Dans cette perspective, les troubles somatoformes doivent être conceptualisés comme des troubles dissociatifs exprimant une dissociation somato-psychique alors que les autres troubles dissociatifs sont des dissociations intra-psychiques.

L'appartenance de troubles mentaux à expression somatique au champ des troubles post-traumatiques apparaît avec de plus en plus d'évidence.
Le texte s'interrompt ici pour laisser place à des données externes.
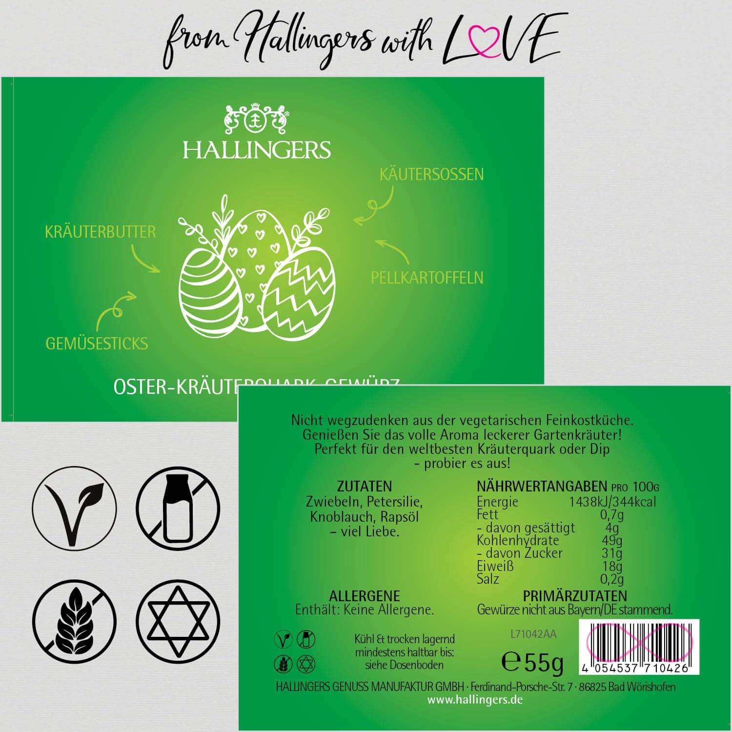 Wurst-Präsentkörbe – Hallingers Osterkräuterquarkgewürz – Ostergeschenke für Osterkörbe zu Ostern, Gewürzmischung für Quarksauce & Kräuterbutter (Dose) – Geschenk im Sommer & als perfektes Grillgeschenk | Glückwuns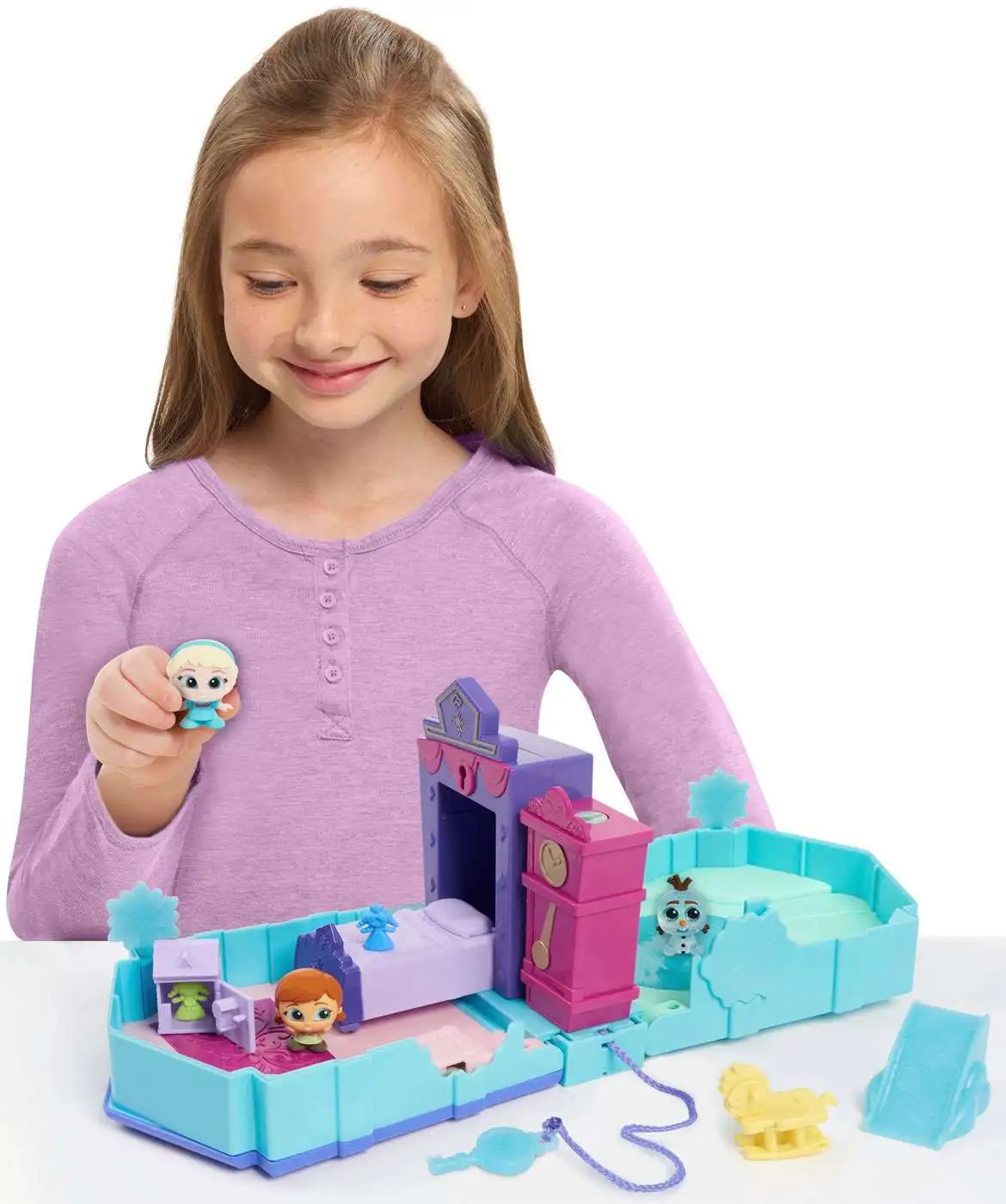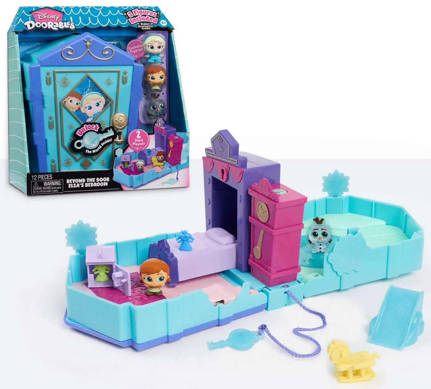 This 6-inch tall on-the-go table-top playset is inspired by Disneys Frozen and unfolds to reveal two play areas. It even includes three exclusive Disney Doorables figures Young Elsa, Young Anna, and Olaf!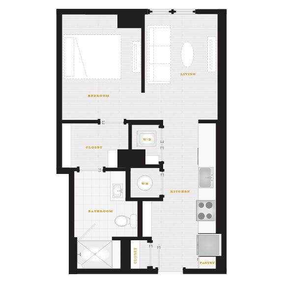 Estudio, 1 Baño, 595 pies²Disponible AhoraGalería del Modelo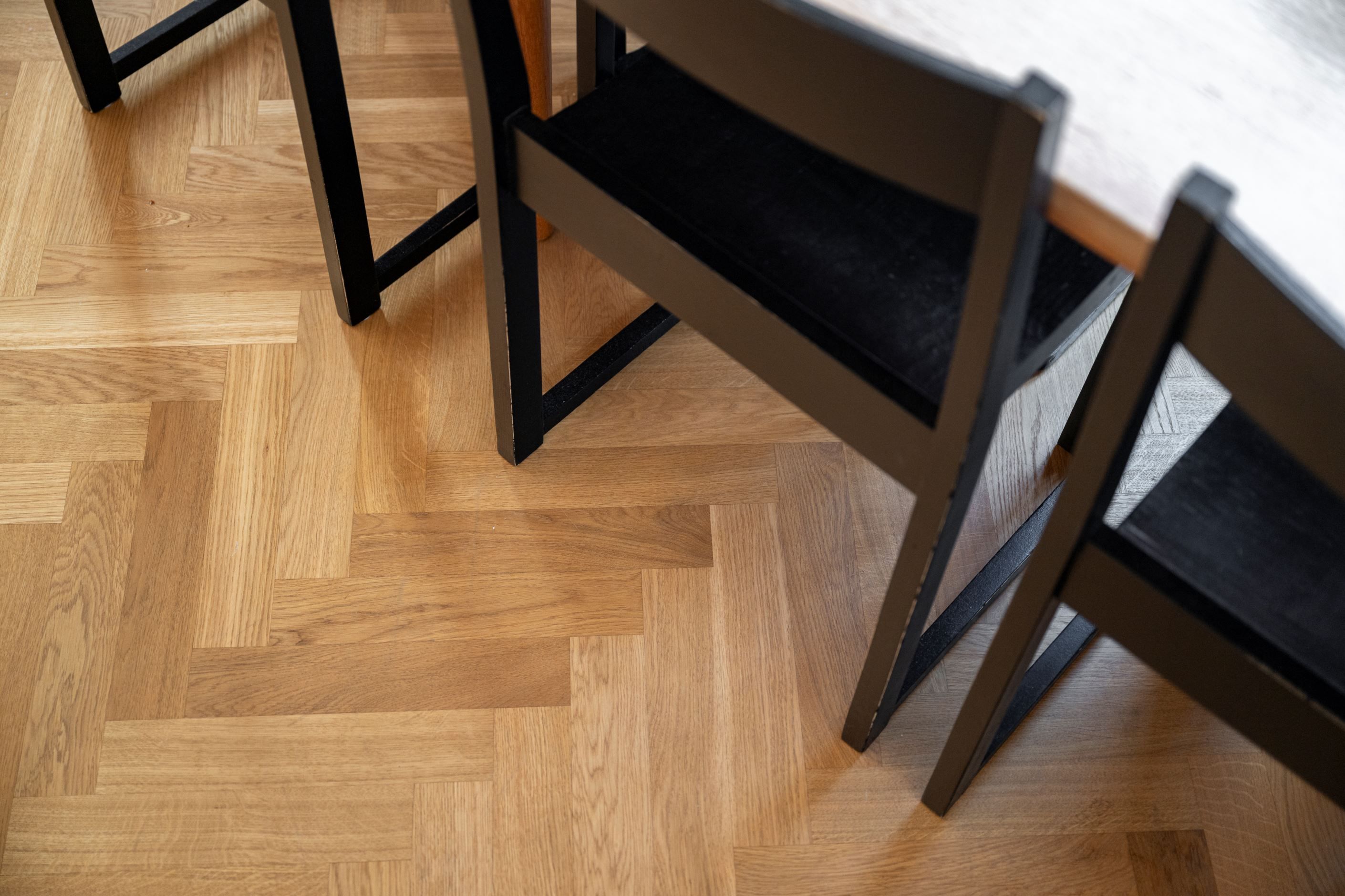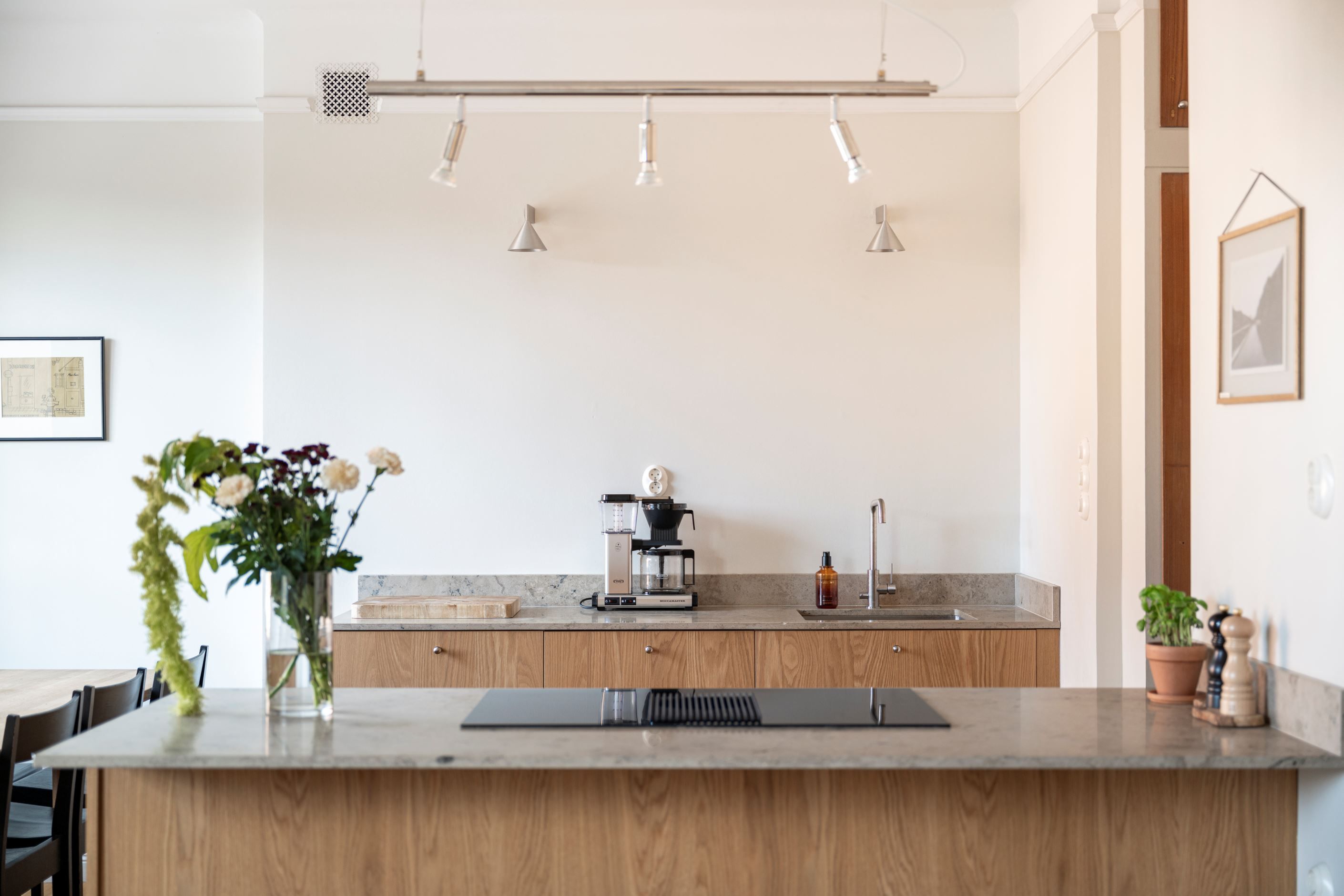 Den genomgående planlösningen skapar ett naturligt flöde mellan rummen. Kök och vardagsrum vetter mot gatan och bjuder in till både sociala tillställningar och avkopplande vardagskvällar. Takhöjden, de stora fönstren och den fria utsikten ger ett fantastiskt ljusinsläpp och en härlig känsla av rymd.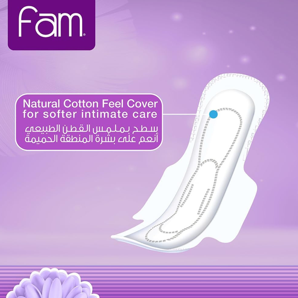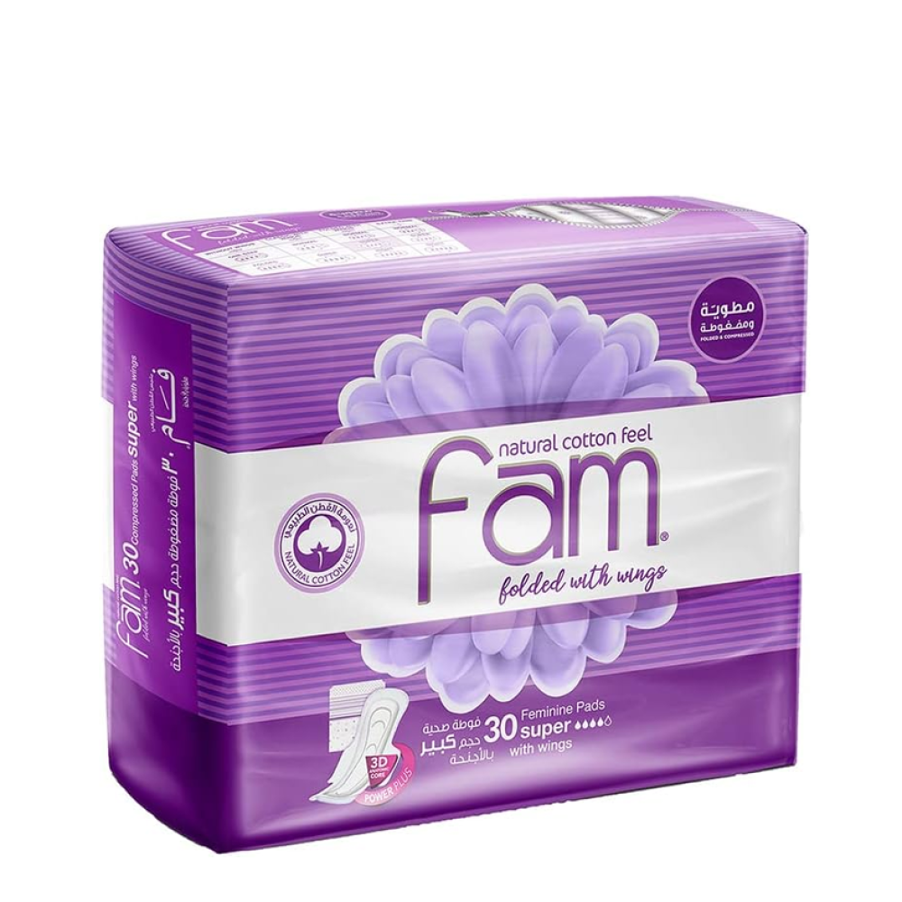 فوط فام الحجم الكبير بالأجنحة توفر حماية يومية فائقة وراحة مثالية طوال اليوم. تأتي العبوة بحجم 300 جم لتمنحك امتصاصًا قويًا وتصميمًا مريحًا يناسب البشرة الحساسة ويمنع التسرب.

Somatisations et troubles psychosomatiques avaient été repérés comme quasiment universels chez des victimes de traumatismes sévères comme les survivants des camps de concentration nazis. Les troubles somatoformes ont été couramment observés chez des enfants peu après un abus sexuel, et chez des adultes longtemps après l'abus sexuel (Dixon et al. 1978 ; Meiselman 1978 ; Steele et Alexander 1981 ; Herman 1981 ; Adams-Tucker 1982 ; Goodwin 1982 ; Gelinas 1983 ; Browne et Finkelhor 1986 ; Finkelhor 1987a). Une étude de cinquante-sept patients présentant un symptôme de conversion diagnostiqué comme tel par psychiatres, internistes et neurologues d'un hôpital général a montré que 25% des patientes avaient des antécédents d'inceste (Lewis et Berman 1965). Des études de cas ont décrit, en particulier chez les filles à l'adolescence, un lien entre les pseudo-crises épileptiques hystériques et les antécédents de traumatismes sexuels, notamment de viols incestueux (Liske et Forster 1964 ; Standage 1975 ; Goodwin et al. 1979 ; Gross 1979 ; Labarbera et Dozier 1980). Dans un travail récent, soixante femmes souffrant d'un trouble Somatisation ont été comparées à trente et une femmes présentant un trouble affectif. Un nombre significativement plus important (55%) de somatisantes ont rapporté avoir été abusées sexuellement avant l'âge de dix-huit ans, que les témoins (16%) (Morrison 1989). Une autre évaluation clinique a été récemment

effectuée sur quatre-vingt-dix-neuf patientes psychiatriques qui ont eu des plaintes somatiques. Elle a porté sur le syndrome de Briquet, les troubles dissociatifs, l'abus sexuel dans l'enfance et à l'âge adulte, l'abus physique et l'abus émotionnel dans l'enfance. Le syndrome de Briquet, la dissociation et les abus étaient significativement associés (Pribor et al. 1993). Dans notre enquête prospective sur la cohorte des cent sujets violés de Tours, les troubles somatoformes sont présents après le viol chez près des deux tiers des victimes et sont des troubles significativement liés à la survenue d'un Syndrome Secondaire à un Stress Traumatique (PTSD) chronique. Ce résultat remet en valeur la fréquente origine traumatique des différentes formes de somatisations.